## TASK ITEM:
Which lines run from the one with "who’s reading this;" through the end of the data? Retype them exactly, without pictures.

[Records excerpted from a collection]
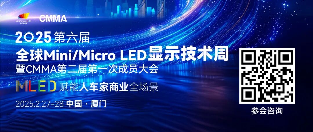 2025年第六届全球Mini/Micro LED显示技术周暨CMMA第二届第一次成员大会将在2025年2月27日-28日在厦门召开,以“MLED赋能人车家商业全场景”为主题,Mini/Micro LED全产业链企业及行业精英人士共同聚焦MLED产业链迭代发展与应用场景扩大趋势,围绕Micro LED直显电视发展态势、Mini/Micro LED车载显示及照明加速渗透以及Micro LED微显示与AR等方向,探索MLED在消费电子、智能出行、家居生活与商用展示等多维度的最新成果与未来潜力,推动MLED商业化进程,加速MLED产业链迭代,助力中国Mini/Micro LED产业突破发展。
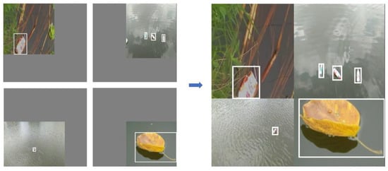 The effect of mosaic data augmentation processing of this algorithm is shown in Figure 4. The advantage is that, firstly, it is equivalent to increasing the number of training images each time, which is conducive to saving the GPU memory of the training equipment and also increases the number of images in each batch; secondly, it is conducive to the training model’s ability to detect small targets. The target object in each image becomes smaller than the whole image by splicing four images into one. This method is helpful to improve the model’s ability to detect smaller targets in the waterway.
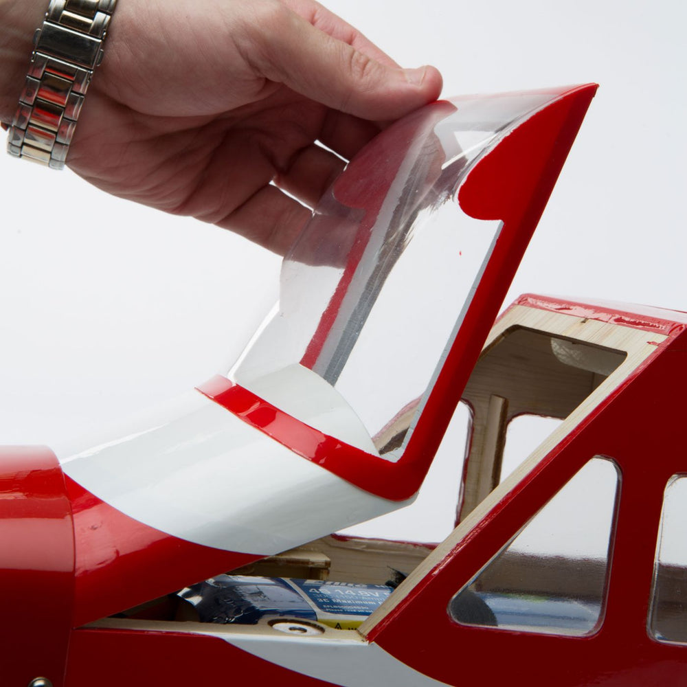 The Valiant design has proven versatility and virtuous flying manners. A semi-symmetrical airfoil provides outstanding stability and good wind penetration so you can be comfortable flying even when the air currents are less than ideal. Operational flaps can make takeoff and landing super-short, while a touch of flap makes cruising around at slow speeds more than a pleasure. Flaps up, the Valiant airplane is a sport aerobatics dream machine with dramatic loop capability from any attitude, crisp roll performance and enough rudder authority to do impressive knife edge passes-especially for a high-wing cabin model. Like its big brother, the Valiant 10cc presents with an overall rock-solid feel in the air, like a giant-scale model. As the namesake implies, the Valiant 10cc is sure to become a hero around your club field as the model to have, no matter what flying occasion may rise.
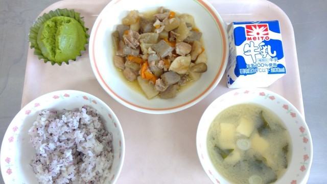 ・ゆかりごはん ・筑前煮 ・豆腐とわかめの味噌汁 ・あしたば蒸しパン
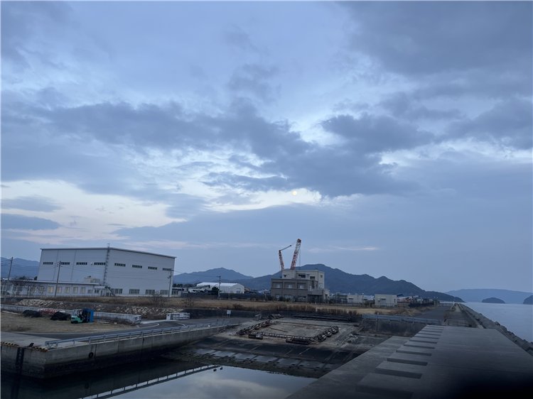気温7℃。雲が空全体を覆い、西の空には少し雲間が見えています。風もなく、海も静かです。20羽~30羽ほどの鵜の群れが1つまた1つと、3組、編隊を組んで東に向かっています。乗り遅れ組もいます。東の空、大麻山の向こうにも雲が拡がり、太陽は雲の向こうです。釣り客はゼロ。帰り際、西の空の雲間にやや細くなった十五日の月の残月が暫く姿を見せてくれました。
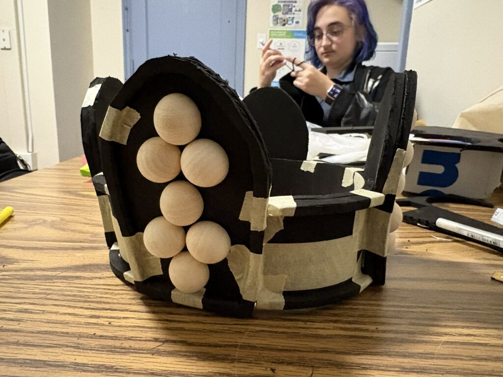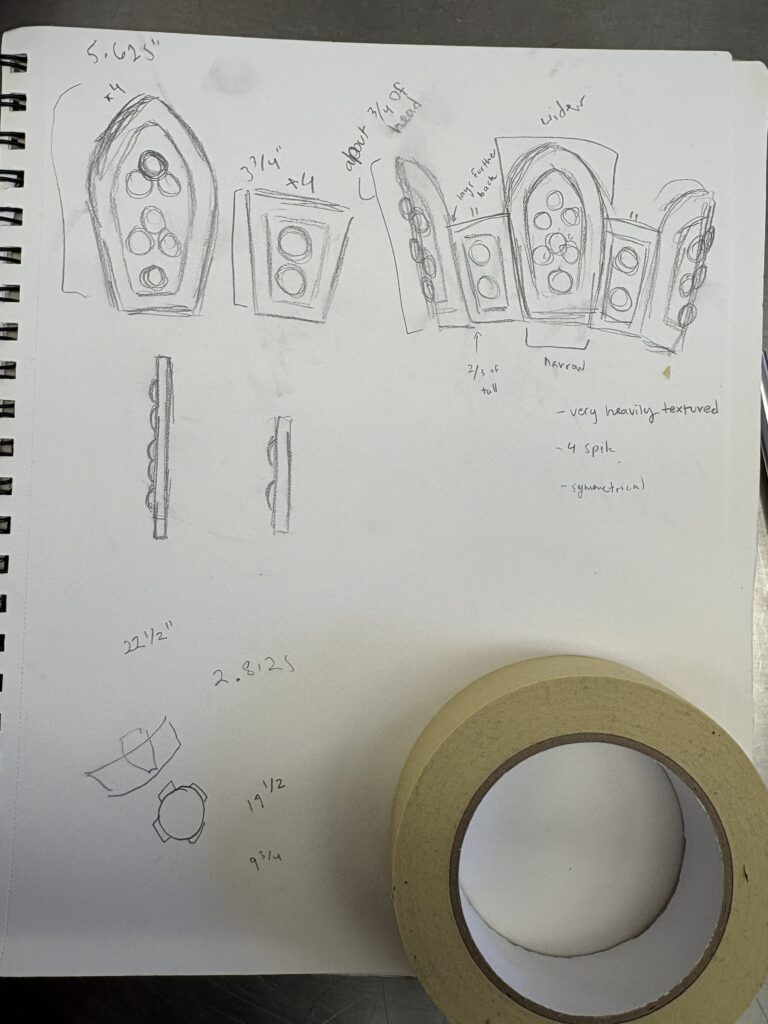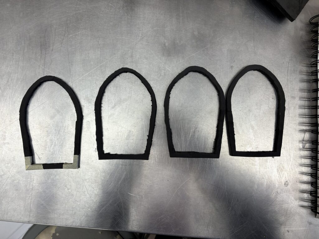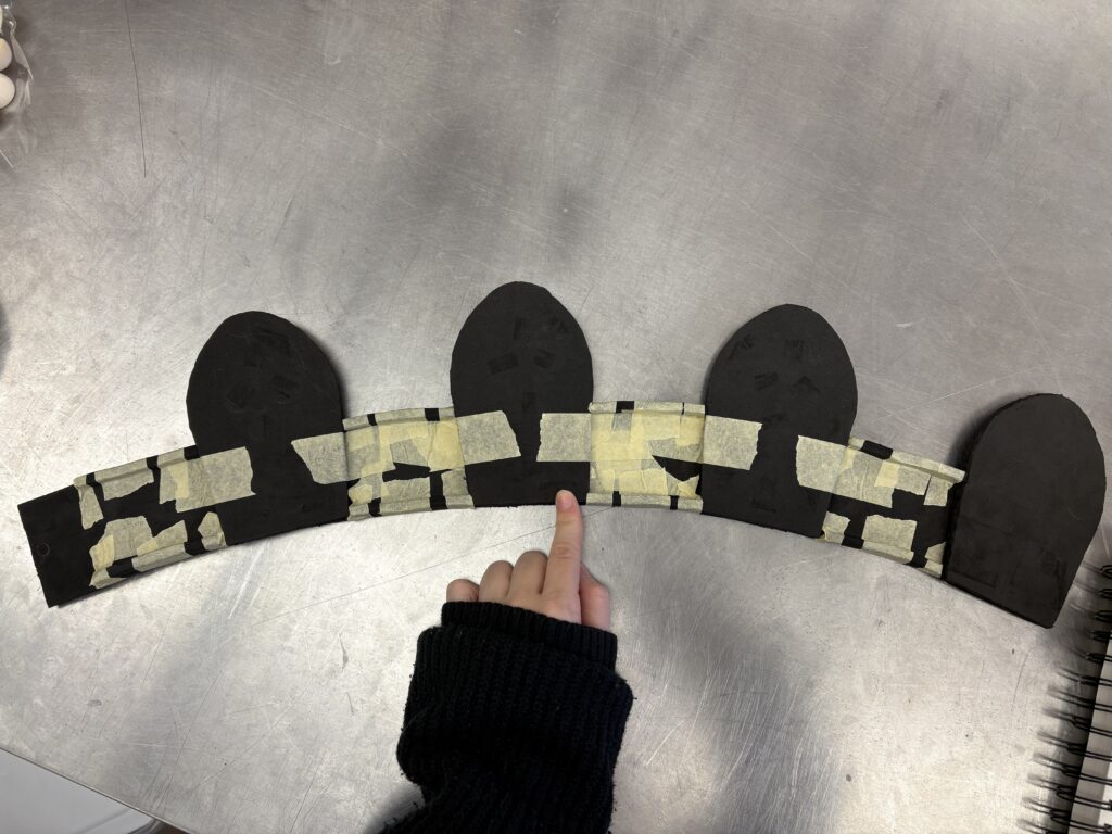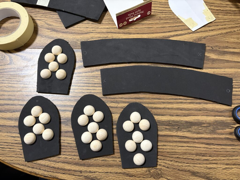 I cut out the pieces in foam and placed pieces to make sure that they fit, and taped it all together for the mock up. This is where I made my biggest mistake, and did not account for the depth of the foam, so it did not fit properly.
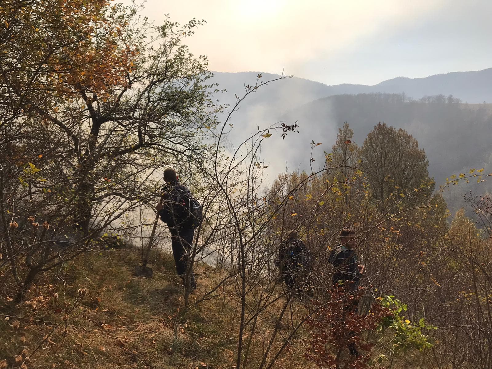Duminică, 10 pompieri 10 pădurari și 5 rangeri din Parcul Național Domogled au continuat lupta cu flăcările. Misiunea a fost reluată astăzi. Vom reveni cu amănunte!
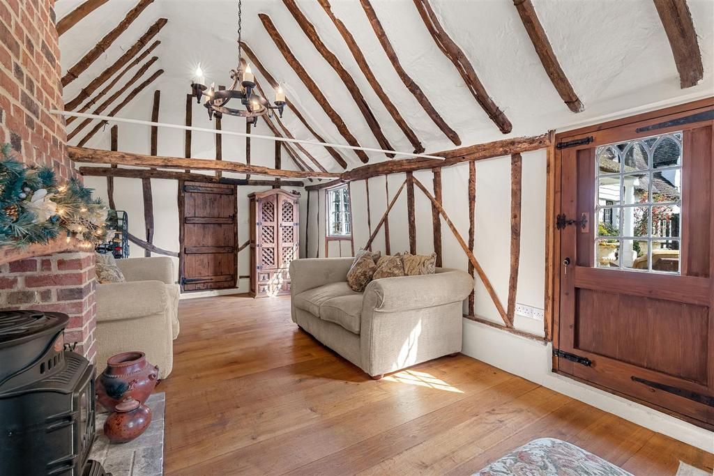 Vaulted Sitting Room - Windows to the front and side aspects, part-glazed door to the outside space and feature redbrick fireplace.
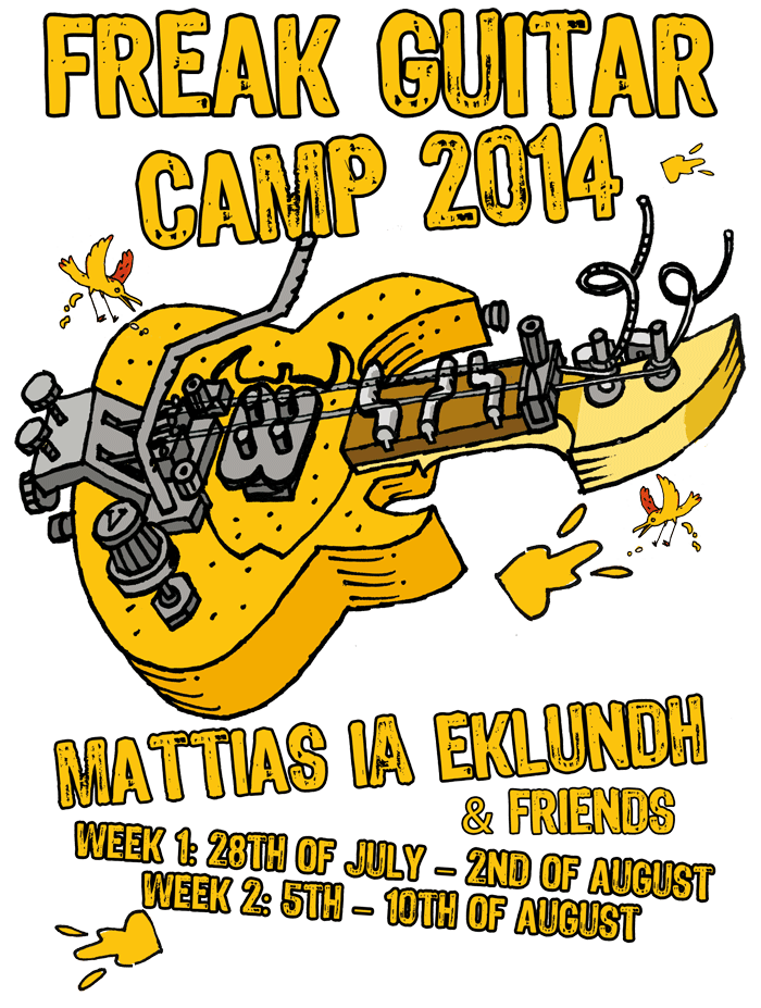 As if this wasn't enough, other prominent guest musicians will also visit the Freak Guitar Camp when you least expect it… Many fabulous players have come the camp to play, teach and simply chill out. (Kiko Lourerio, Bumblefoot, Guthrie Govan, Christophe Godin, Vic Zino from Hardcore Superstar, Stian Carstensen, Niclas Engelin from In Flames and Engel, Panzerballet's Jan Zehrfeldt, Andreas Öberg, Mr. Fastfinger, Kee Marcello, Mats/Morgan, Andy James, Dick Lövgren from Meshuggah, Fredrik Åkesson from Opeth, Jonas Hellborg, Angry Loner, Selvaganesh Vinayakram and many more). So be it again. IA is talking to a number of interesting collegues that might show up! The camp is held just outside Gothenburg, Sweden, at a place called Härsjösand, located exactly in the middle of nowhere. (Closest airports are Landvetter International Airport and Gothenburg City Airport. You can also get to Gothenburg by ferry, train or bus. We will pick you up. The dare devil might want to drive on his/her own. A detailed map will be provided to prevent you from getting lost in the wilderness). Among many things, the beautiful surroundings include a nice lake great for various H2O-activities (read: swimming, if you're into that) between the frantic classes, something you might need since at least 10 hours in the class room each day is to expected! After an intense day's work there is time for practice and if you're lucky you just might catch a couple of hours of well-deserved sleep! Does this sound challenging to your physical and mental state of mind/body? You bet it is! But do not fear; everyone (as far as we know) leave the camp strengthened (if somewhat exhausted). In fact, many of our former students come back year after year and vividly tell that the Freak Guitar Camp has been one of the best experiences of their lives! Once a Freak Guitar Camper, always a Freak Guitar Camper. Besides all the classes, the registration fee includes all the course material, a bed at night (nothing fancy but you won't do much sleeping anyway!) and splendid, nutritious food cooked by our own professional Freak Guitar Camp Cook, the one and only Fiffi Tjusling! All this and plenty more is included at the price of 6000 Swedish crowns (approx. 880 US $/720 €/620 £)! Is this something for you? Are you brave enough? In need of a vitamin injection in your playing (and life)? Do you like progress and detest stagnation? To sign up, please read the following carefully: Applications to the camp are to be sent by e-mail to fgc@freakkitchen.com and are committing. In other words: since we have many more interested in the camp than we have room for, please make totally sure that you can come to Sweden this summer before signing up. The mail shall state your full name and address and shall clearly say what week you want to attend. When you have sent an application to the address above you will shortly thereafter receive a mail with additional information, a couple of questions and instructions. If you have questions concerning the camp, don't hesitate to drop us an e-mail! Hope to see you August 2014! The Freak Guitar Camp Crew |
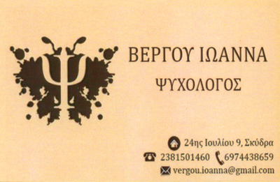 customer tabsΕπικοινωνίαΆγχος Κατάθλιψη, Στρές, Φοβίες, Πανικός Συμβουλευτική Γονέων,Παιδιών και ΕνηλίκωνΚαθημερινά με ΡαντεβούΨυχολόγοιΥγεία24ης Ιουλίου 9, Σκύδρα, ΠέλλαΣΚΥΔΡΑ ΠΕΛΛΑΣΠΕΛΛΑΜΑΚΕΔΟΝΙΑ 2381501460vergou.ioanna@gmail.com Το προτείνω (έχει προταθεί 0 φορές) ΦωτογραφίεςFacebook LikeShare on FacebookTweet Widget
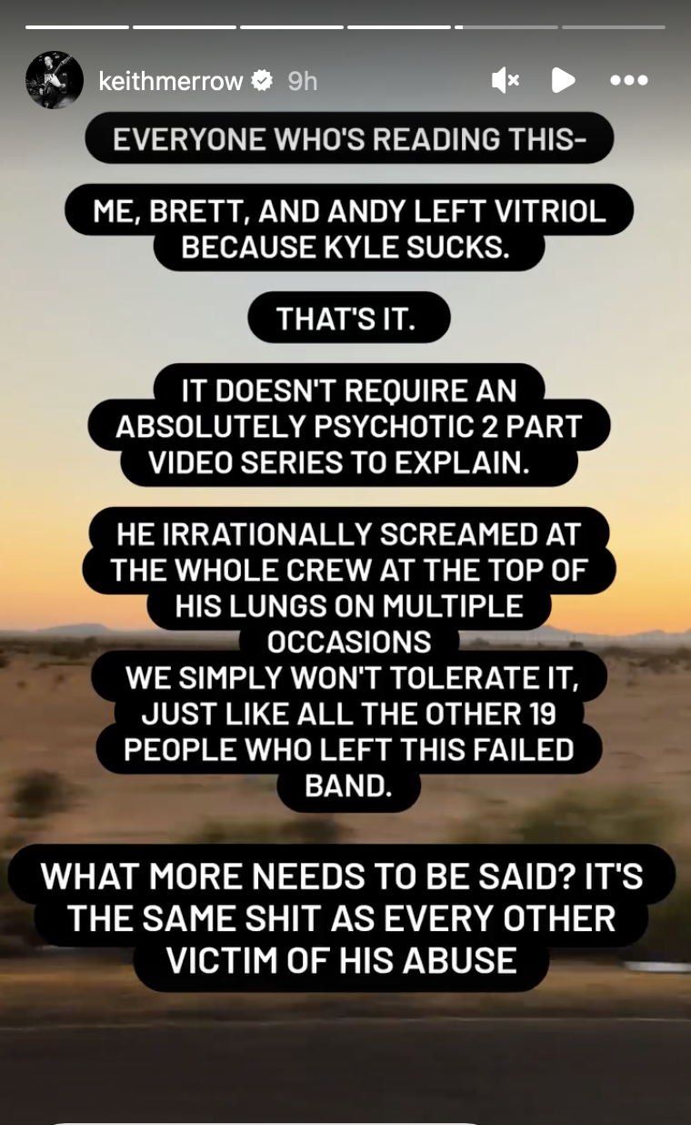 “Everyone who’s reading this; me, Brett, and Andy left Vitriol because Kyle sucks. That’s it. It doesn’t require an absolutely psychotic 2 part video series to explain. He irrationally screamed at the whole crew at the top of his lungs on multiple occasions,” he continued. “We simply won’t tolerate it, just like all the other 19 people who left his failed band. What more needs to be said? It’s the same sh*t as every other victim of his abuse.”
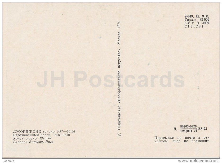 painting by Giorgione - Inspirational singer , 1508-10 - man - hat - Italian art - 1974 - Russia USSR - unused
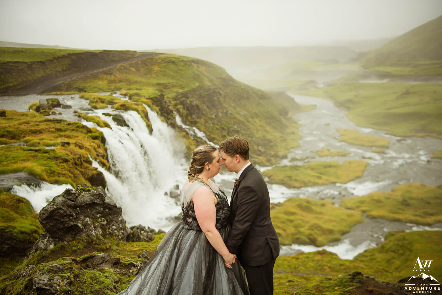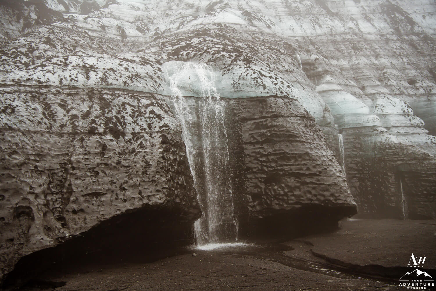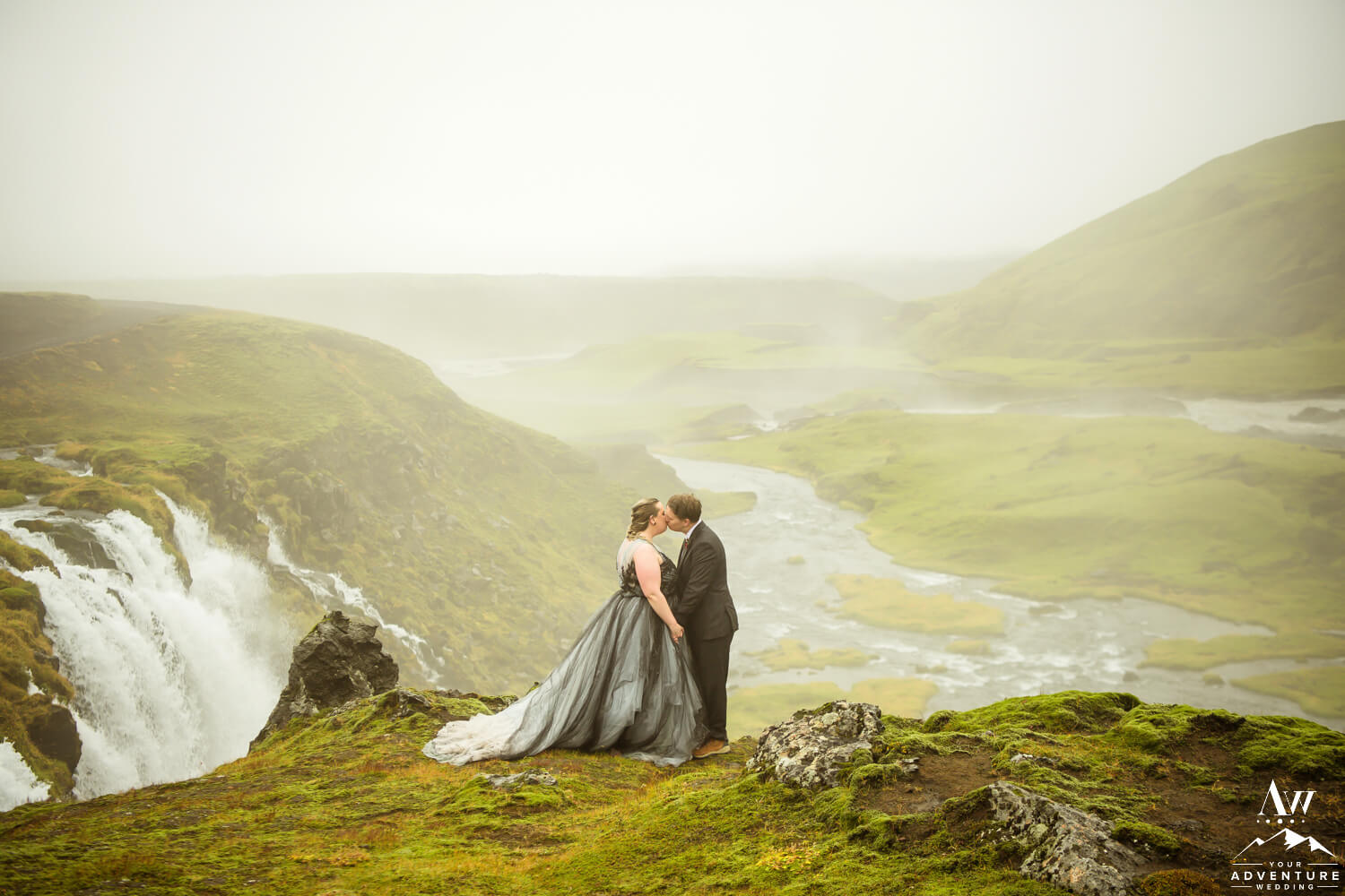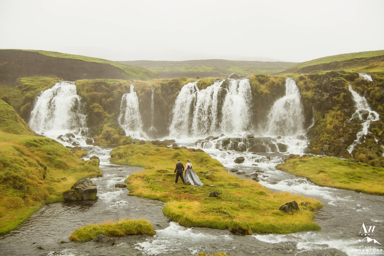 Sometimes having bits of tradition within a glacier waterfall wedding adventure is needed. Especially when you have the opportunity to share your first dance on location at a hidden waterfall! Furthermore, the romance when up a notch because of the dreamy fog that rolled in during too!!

## REPLY TO THE EXERCISE:
 “Everyone who’s reading this; me, Brett, and Andy left Vitriol because Kyle sucks. That’s it. It doesn’t require an absolutely psychotic 2 part video series to explain. He irrationally screamed at the whole crew at the top of his lungs on multiple occasions,” he continued. “We simply won’t tolerate it, just like all the other 19 people who left his failed band. What more needs to be said? It’s the same sh*t as every other victim of his abuse.”
 painting by Giorgione - Inspirational singer , 1508-10 - man - hat - Italian art - 1974 - Russia USSR - unused
 Sometimes having bits of tradition within a glacier waterfall wedding adventure is needed. Especially when you have the opportunity to share your first dance on location at a hidden waterfall! Furthermore, the romance when up a notch because of the dreamy fog that rolled in during too!!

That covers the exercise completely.